Chivot: How does Hedia differentiate itself from other digital coaching tools?
Lucas: I have never thought of Hedia as a digital coach actually, that is the first time I hear we may be part of this space. Hedia is a medical device. The app is what enables our users to use the software, but the algorithm in Hedia requires for all our software to be developed as medical software, meaning we have to follow an EU Directive when build our app. This involves a number of boundaries. Hedia is approved as a medical device by CE (Europe’s certification mark), so we’re allowed to market our company in Europe only—not in the United States or China. If we want to take Hedia to the United States, we would need to have it approved by a U.S. federal agency, the Food and Drug Administration, according to its own standards. That can be a costly affair. So our entry barrier is higher than if we were a normal digital coach or a welfare tech company. Our competitors would be companies that develop diabetes apps as medical devices. Hedia is a full-blown medical device, our space only includes Europe, and so far we have identified only one competitor, which was acquired two years ago by a bigger company. As far as we know, we are the only active CE-approved diabetes app in Europe.

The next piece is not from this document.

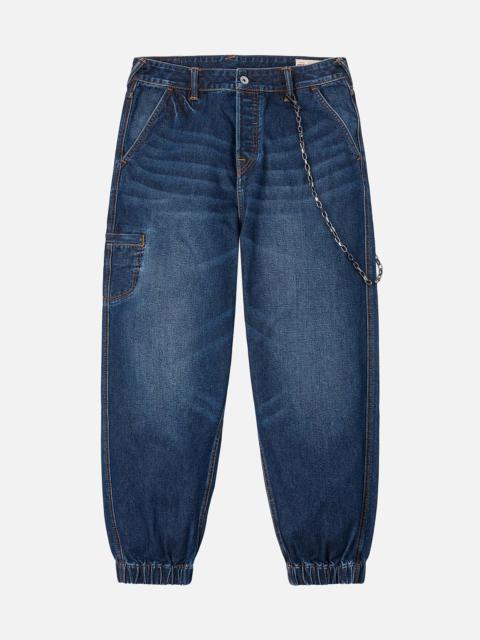 Multi-pocket and Seagull Crane Print Loose Fit Washed Denim Joggers

Chivot: How else do you anticipate using AI to help patients?
Lucas: We currently work with our “bolus” algorithm, the insulin algorithm behind Hedia. This is the one we’re going to clinical trial with, which is based on historical data and can predict how much insulin users should have injected based on the input Hedia gets from them. We’re working with different types of machine learning in our food database where we can pair up our users with other users who may look alike but who actually are in better control. We then try to nudge users to take some of those steps other users are taking to lead a better life. For example, we can pair up a man who weighs a 100 kilograms and has high BGLs with another man who also weighs 100 kilograms but has a lower BGL. Users can check what it is that these other users do in their lives which makes them in better control of their condition, compare that with their own activities and food habits, and then consider making better choices.

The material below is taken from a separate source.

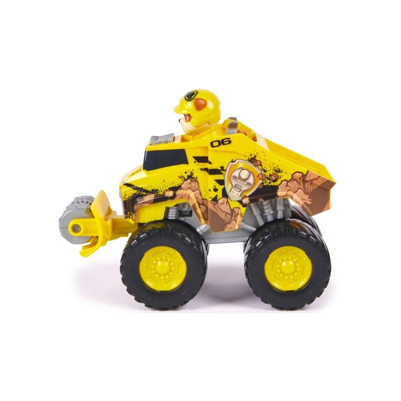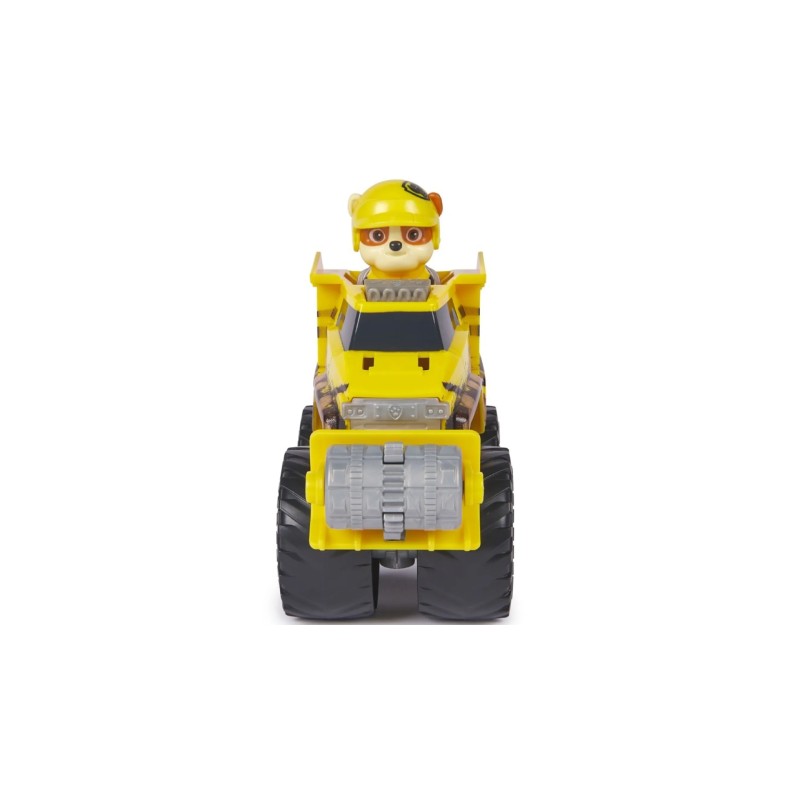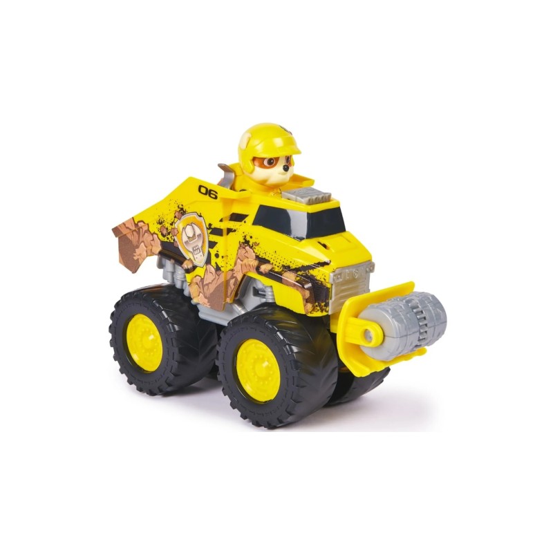 Rubble's Bulldozer themed monster truck gets an interesting makeover. Press the button on the roof to release the spring-loaded plow roller, then spring into action.

Development could be applied to Hedia’s exercise feature: we currently have five different exercises in our app which users can choose from and schedule. We are looking into how exercise affects a person’s BGL. Based on that knowledge, we want to start automating the app’s insulin recommendations, so that users know how they need to adjust their intake. Users would be able to check their BGL before exercising, for instance before they start a 5-kilometer run, so that they won’t put themselves at risk of hypoglycemia when running—which can happen in case of a low BGL.

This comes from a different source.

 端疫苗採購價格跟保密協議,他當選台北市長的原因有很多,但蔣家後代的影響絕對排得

We are working with machine learning on various areas, both supervised and neural network. Some of our work must go through clinical trials, and we can implement some other parts that do not require those trials in a more “techy way” to be able to move forward faster—but always remembering who we are and what we are: a medical device. So if that was to have a direct effect on our insulin recommendations, we always need to make sure there is still clinical validation behind what we do.